The study was powered to detect a one-point difference in TBscore and 10 point difference in Kanofsky score.

From April 2011 to 30 March 2012, over 1,500 patients were recruited, of whom 758 were assigned to microscopy and 744 to Xpert. At baseline the median age was 37 (IQR: 30-46), 43% of participants were women, 26% had previous TB and 60% were HIV-positive, of whom 26% were on ART. Baseline Kanofsky score was 70 (IQR: 60-90) and TBScore was 5 (IQR: 4-7).

In the microscopy group, 114 were smear-positive of whom 91 were culture-positive, 20 were culture-negative and three culture-contaminated. 111 began treatment. Of the 643 smear-negative cases, 91 were culture-positive, 540 culture-negative and 12 culture-contaminated. (One patient had no microscopy done and was culture-negative.) Of these 212 were put on treatment after chest radiography and other considerations.

In the Xpert group, 184 were positive for TB. Of these 154 were culture-positive, 27 culture-negative and three culture-contaminated, and 182 participants began treatment. Of the 559 Xpert negative cases, 31 were culture-positive, 517 were culture-negative and 11 were culture-contaminated. (One patient had no Xpert result and was culture-negative.) After chest radiography and other considerations a further 139 participants began treatment.

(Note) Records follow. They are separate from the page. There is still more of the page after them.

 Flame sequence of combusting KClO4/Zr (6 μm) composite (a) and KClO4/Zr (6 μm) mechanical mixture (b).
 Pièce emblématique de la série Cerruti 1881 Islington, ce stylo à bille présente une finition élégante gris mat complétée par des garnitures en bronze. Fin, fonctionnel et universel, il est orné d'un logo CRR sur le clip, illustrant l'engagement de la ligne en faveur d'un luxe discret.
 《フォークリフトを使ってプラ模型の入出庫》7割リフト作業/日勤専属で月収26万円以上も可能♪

Sensitivity of the Xpert [83%, 95%CI: 77-88] was significantly better than microscopy [50%, 95%CI: 43-57] with p < 0.0001. Specificity was similar on both tests: 97% [95%CI: 95-98] for microscopy vs 95% [95%CI: 93-97] for Xpert.

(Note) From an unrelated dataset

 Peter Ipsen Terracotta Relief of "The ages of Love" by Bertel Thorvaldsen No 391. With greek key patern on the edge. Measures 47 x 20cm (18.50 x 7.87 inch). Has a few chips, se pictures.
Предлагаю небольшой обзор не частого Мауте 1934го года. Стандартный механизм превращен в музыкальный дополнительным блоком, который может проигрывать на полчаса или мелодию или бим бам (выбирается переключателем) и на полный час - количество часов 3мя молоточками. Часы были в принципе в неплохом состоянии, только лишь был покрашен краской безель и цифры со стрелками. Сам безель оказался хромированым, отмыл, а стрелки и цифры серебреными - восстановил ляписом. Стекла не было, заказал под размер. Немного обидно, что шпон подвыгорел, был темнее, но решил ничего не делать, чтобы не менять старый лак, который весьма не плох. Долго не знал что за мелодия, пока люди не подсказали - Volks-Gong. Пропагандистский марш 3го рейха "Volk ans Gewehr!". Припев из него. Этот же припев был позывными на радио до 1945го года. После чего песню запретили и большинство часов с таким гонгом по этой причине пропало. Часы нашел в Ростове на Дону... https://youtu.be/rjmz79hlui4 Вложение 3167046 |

There was no difference in median [IQR] TBscore between the two groups at two months (TBscore: 2 [0-3] in microscopy vs 2 [0.25-3] in Xpert) or six months (1 [0-3] vs 1 [0-3]), nor for Kanofsky performance (80 [70-90] vs 90 [80-90]) at two months, or six months (100 [90-100] vs 100 [90-100]).

Nevertheless, there was a measured benefit to the Xpert. People in the Xpert group were more likely to get a same-day diagnosis (24% vs 13%; p <0.0001) and same-day treatment initiation (23% vs 15%; p=0.0002).

At CROI 2014, Gavin Churchyard presented the primary endpoint results of the XTEND study that looked at a similar question in a different way. [3]

This was a randomised cluster-controlled trial. Twenty South African clusters were randomly chosen either to use the Xpert or smear microscopy (10 clusters each).  A cluster was defined as two clinics served by the same lab. In contrast to the TB-NEAT study, the diagnostic test was done at a supporting laboratory located away from the clinics. The primary outcome was mortality in adults investigated for TB.

Participants in this study provided one sputum sample if they were at an Xpert site and two sputum samples if they were at a microscopy site. Health workers could upon request take additional sputum samples for culture and perform X-rays.

Just under 5,000 participants were screened, 2,541 in the Xpert arm and 2,431 in the microscopy one, of whom 2,344 and 2,368 were enrolled respectively. In the Xpert arm, 20 people withdrew and 36 withdrew from the microscopy arm leaving 2,324 and 2,332 participants for analysis.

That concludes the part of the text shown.